Это было, кажется, совсем недавно; во всяком случае, наши общие с Кропоткиной друзья с тех пор внешне совершенно не изменились. Кое-кто, правда, умер, но те, что еще живы, держатся молодцом. Ну, мешки под глазами, ну, седина. А в общем – сохранились неплохо. Жалуемся друг другу в телефонных разговорах на радикулит, а в целом, кажется, все по-старому. Давление иногда пошаливает, одышка, головокружение. Но в остальном – все такие же.

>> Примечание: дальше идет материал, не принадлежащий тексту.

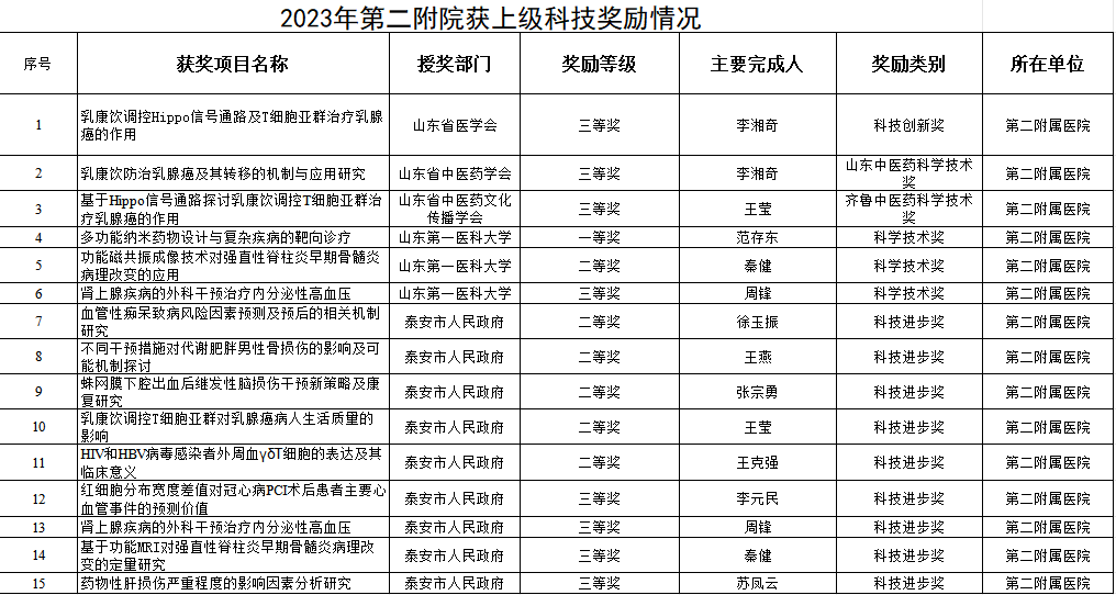 上一条:山东省高等学校重大疾病与氢医学转化应用重点实验室简介 下一条:关于山东省中医药科技项目2024年度第一批集中结题的通知

На имени Марк настоял я. Решил назвать сына в честь Марка Болана. Фамилия же ему досталась от жены. Моя фамилия – Брежнев – звучит довольно попсово, запоминающаяся фамилия, но сыну мы решили дать другую. И так мы в паре с женой были хоть куда – Брежнев и Кропоткина. В чистом виде белая горячка. Нам это очень нравилось. Так и стал мой сын Марком Кропоткиным. А с Зоей мы разошлись лет восемнадцать назад. Или девятнадцать. Может быть, двадцать.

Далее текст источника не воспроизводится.